Pretty interesting stuff. Big thanks to Mitch and the BoxTone team for sharing it with us. You can learn more about their services at BoxTone.com.

Kevin Michaluk Kevin Michaluk "Founder, Editor in Chief " 3921 (articles) 3285 (forum posts)
28 comments

krssosic

so it was less than 12 hours....I was affected for about about 8 since I don't use my phone at 1am...I don't know what the big deal is. Unless you're like Corporate America or OBAMA who lives on their phone, everyone should just stop complaining, it's up and running now.(wishful thinking...) =|

webmastir

that's crap. we are paying a crazy amount of $$$ for this unstable service!

shaleem

No, the real crap is no one is forced to use a particular service. Anyone who thinks that ANY service is 100% trouble free is just plain unrealistic. If you don't like what you're paying for, then leave.
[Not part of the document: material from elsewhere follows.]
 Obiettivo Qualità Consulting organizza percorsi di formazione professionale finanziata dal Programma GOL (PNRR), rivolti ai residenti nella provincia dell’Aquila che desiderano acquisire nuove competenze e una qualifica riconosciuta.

Like I said in a different post, there ain't no anchor on your behind!

jmaher1023

I see your point, shaleem, but you are wrong on one account: there is a "2 year" anchor called a service contract that holds our behinds down on this. After all, what's the use of having a Blackberry if you don't have the email, internet, and messaging support to go with it! That being said; in my past 3 years of using Blackberries, this has only happened twice that I can remember...so really, I don't see what all the fuss is about!

hardyhar99

I see your point, jmaher1023, but you are also incorrect: the "2 year" anchor called a service contract is just that...a contract. You do not have to accept the contract terms, you only do because you want the deeply discounted price for that device. This is simply capatalism and an open market at its best.
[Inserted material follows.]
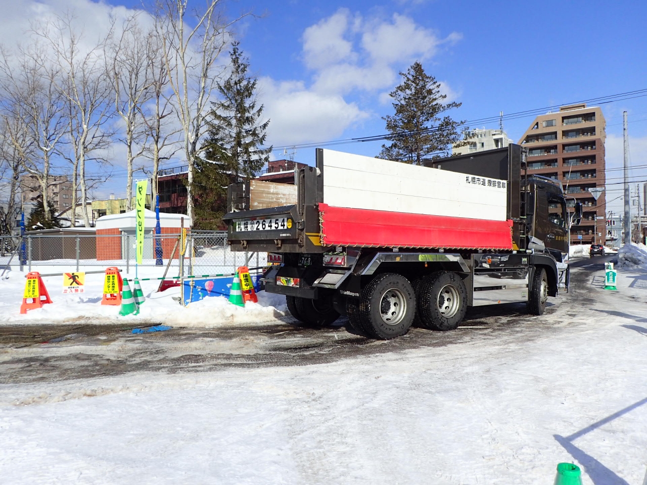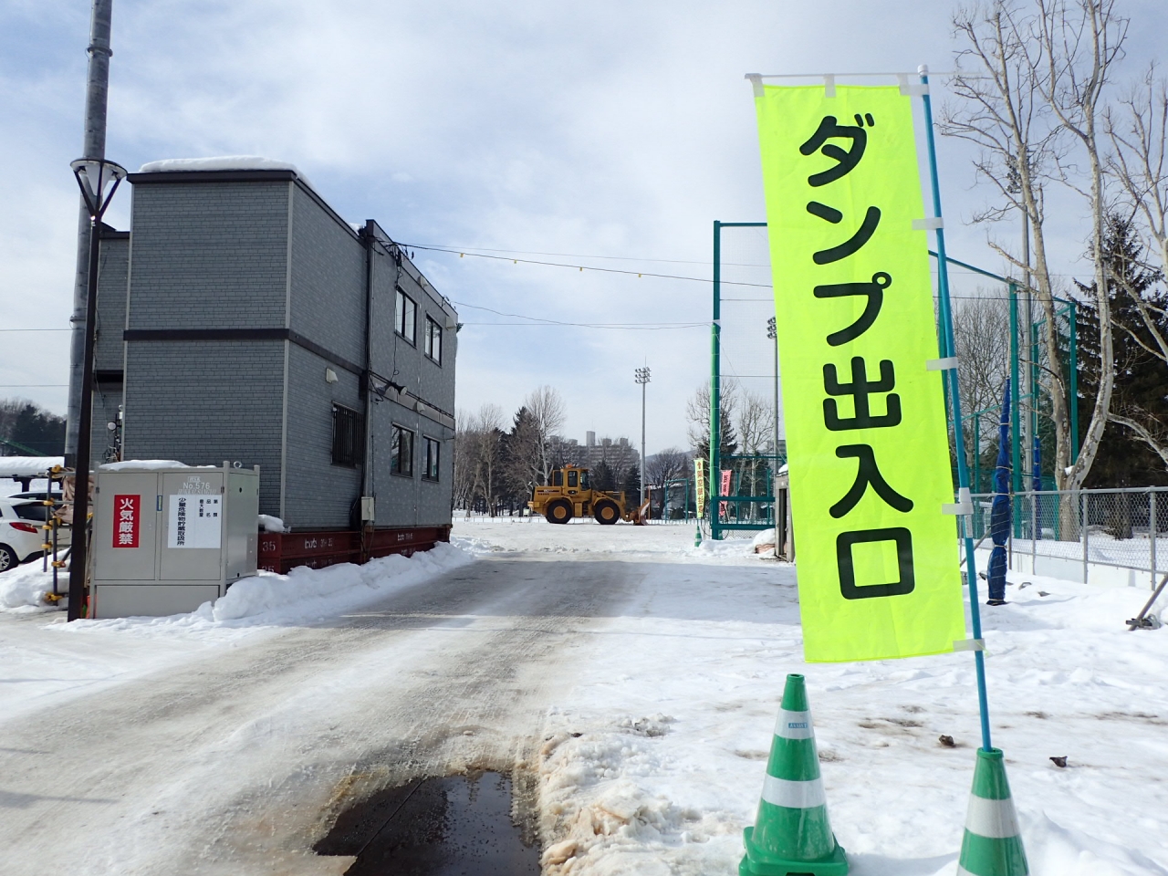 坂下入口は、たくさんの雪を積み込んだダンプが出入りしています。

To that, happy holidays and a prosperous (and BB troublefree) new year!!!

tarund

from BoxTone about "communicating" with their customers. I believe BlackBerry users would've been far more calm if RIM/BlackBerry was keeping open comm with its users.
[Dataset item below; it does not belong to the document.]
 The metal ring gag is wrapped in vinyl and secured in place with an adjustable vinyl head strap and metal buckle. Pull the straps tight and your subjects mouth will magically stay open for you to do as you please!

Two outages within 7 days - that is very unlikely but it shouldn't happen. Hey RIM, maybe you should invest more time and resource into Development\QA\Staging environments and then roll-out patches/upgrades to Production environments?

MobiJew

agreed. nothing else to say. jsut agrred :)

brianklewis1

Just one of the pitfalls of being on the cutting edge of technology. I'm happy so far with my BlackBerry. For those who aren't, maybe a free flip phone would have been a safe investment.

sunrisepromo#CB

Stop complaining! It could be worse...

You could have had an iPhone :P

Snypa

i totally agree. BB's are awesome. Glad everything is back.!

Laura Knotek

iPhones, Droids, and Win Mobile devices did not lose their data services.

MobiJew

thats y i love my droid :)

Neosurfur

He isn't saying that the iPhone lost it's service during the BB outage. He's referring to the crappy coverage of the iPhone in general.

mattvait

no at&t just asks their customers to not use their data services....

ecfinn

I started getting new email sometime mid-morning today. I didn't get all of my backlogged email until at least 2PM today. So I had email undelivered for almost 20 hours. I'm glad its back too, but I'm going to disagree with when things got back to normal.

Hengonz81

Blackberry internet is very slow....why is Verizon Wireless Droid 10X faster with internet????

jmaher1023

Like most other smart phones, the Droid connects directly to the web via the carriers broadband access. BBs, on the other hand, are routed through RIM's servers before being granted access to the web. That's why your carrier will have a data package for WinMo, Palm and Android smart phones, and then a separate RIM data package for BBs. I will say this though: Verizon, thanx to RIM's unlimited BB data package for $30 a month, dropped their unlimited data package for other smart phones from $45 a month to $30! So, good job RIM! ;-)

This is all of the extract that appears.